2025 Illinois Insurance Requirements
Recent Illinois legislation has imposed stricter requirements on insurance companies handling personal injury claims. Under 2025 regulations:
- Detailed denial explanations: Insurers must provide specific, written reasons when denying claims—not vague form letters
- Settlement discussion deadlines: Companies cannot unreasonably delay settlement negotiations
- Good faith requirements: Insurers must handle claims fairly and promptly
Despite these requirements, insurance companies continue using sophisticated tactics to minimize payouts. Knowing these tactics helps you fight back.
Common Insurance Adjuster Tactics
1. The Friendly Call
Shortly after your accident, an adjuster will call. They’ll be warm, sympathetic, and seem genuinely concerned about your well-being. This is strategic—they want you to let your guard down and say things that hurt your claim.
Watch for:
- “How are you feeling?” (Hoping you’ll say “fine” or “okay”)
- “Can you tell me what happened?” (Looking for admissions of fault)
- “We want to resolve this quickly for you” (Rushing you to settle)
2. Recorded Statement Requests
Adjusters will ask for a recorded statement, claiming it’s “routine” or “required.” You are not legally required to give a recorded statement to the other driver’s insurance company.
Recorded statements are used to:
- Lock you into a version of events before you fully remember details
- Catch inconsistencies they can use against you later
- Get you to minimize injuries before you know their full extent
- Ask leading questions that imply your fault
Politely decline. If you have an attorney, refer all communication to them.
3. Quick Settlement Offers
Receiving a settlement offer within days of your accident is a red flag, not good news.

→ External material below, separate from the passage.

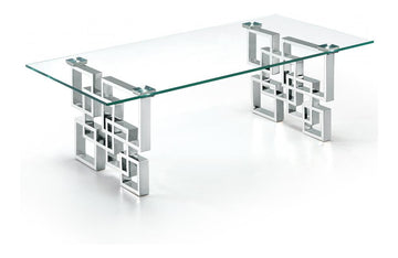 Enjoy a contemporary look in your living room or den with this stylishly elegant Banner chrome coffee table. This Meridian Furniture table is made from glass and metal for a sleek, modish look. The base features a geometric design with intertwined squares that form two pedestals. The top is crafted from thick, clear glass that allows the beauty of the base to shine through completely. A chromed finish shores up the design, adding to its up-to-the-minute feel.

Early offers are designed to:
- Settle before you know the full extent of injuries
- Lock you into a release before expensive treatments become necessary
- Take advantage of your immediate financial stress
Once you accept and sign a release, you cannot seek additional compensation—even if your injuries turn out to be far more serious than initially thought.
4. Disputing Medical Treatment
Insurance companies challenge medical treatment in several ways:
- “Treatment wasn’t necessary”: Second-guessing your doctors’ recommendations
- “Too much treatment”: Arguing you over-treated for your injuries
- “Wrong type of treatment”: Questioning chiropractic care, physical therapy, or other treatments
- “Treatment gaps”: Using any delay in care as evidence injuries weren’t serious
5. Pre-Existing Condition Arguments
If you had any prior medical issues—especially involving the same body parts injured in the accident—insurers will claim your current problems are pre-existing, not accident-related.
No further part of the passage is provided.